Frustrated... and my day has only just started
I just arrived to work and I can feel the frustration building already. This is primarily due to a conversation with Amaya last night. I don't even know what to do, but it seems like every time we talk, she makes me feel bad about myself. I know she's not feeling well and just got out of surgery yesterday so I'm trying to be careful about what I say b/c she seems overly sensitive. I'm very interested to hear how she's feeling and what's going on with her but I feel when I say anything, it's always the wrong thing to say. It gets really tiring to sit there and be serious all the time. Plus, whatever happened to the laughter-is-the-best-medicine theory... of course, that entails that you have to be funny first which has Amaya has ensured me that I'm not. I know I'm not being all that funny but I'm trying my best to lighten the mood and get her mind off her pain. But I can't help it if that's all she wants to focus on is not feeling well.
I just don't understand the mentality. However, just b/c I don't understand it doesn't make me any more justified in my thinking of what's right and wrong. I want to be there for her and I think she wants me to be there for her, but I think she wants me around less and less everyday. With her being overly sensitive lately about everything, it seems like I'm being used as her venting tool b/c she can't take it out on her family so she turns it on the only person she doesn't have to see. That's fine with me, as long as this doesn't keep up. I just figure she needs time for the wounds and mental state to heal. But she's got to understand that her fight starts in her head. A positive mental attitude is going to make her recovery go a lot faster and smoother. She has all the ingredients there for a PMA as well... she's surrounded by love and people that care for her and she's even got someone who's always thinking about her in Chicago, what more do you need?
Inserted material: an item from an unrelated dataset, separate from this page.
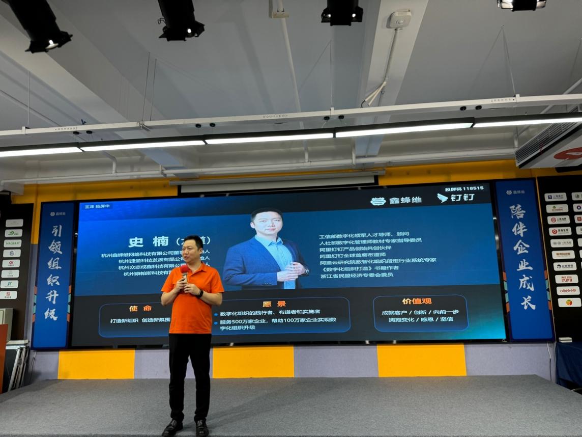 第二站,学员们来到了鑫蜂维网络科技有限公司。这是全国最大的企业数字化转型服务公司,也是阿里巴巴合资公司、钉钉全球首家共创公司,是杭州的准独角兽企业。公司总裁从“把工作与生活分开”的理念出发,为大家详细介绍了公司积极探索数字经济“算法和机制”的核心价值,以及开创数字化服务企业的发展历程。学员们认真了解了该公司的数字化服务能力和成功案例,对数字化创新多了更深层次的体会和感悟。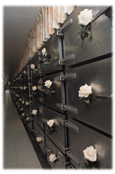 (左圖)一朵小小的白玫瑰,讓生硬的冷凍櫃溫暖了許多。台北市第二殯儀館在禮堂布置、移靈走廊都作了全新的布置,一改殯儀館過去恐怖陳舊的模樣。

All of sudden, a call from Married Mike the other day while she's in a weakened state. He plays his cards well from what I know about him. He wasn't aggressive or didn't even sound assertive for that matter. What a scumbag that guy is. Any man that would do what he did to such a genuine heart like Amaya's is fucking filth. That guy deserves the worst in life and one day he'll get his. Anyway, I know he'll be making a push again soon and why wouldn't you keep pursuing her? Amaya is amazing. I would care for her in her current state or any other state. However, I feel like if things continue on the course they are on right now, I will eventually be phased out of her life.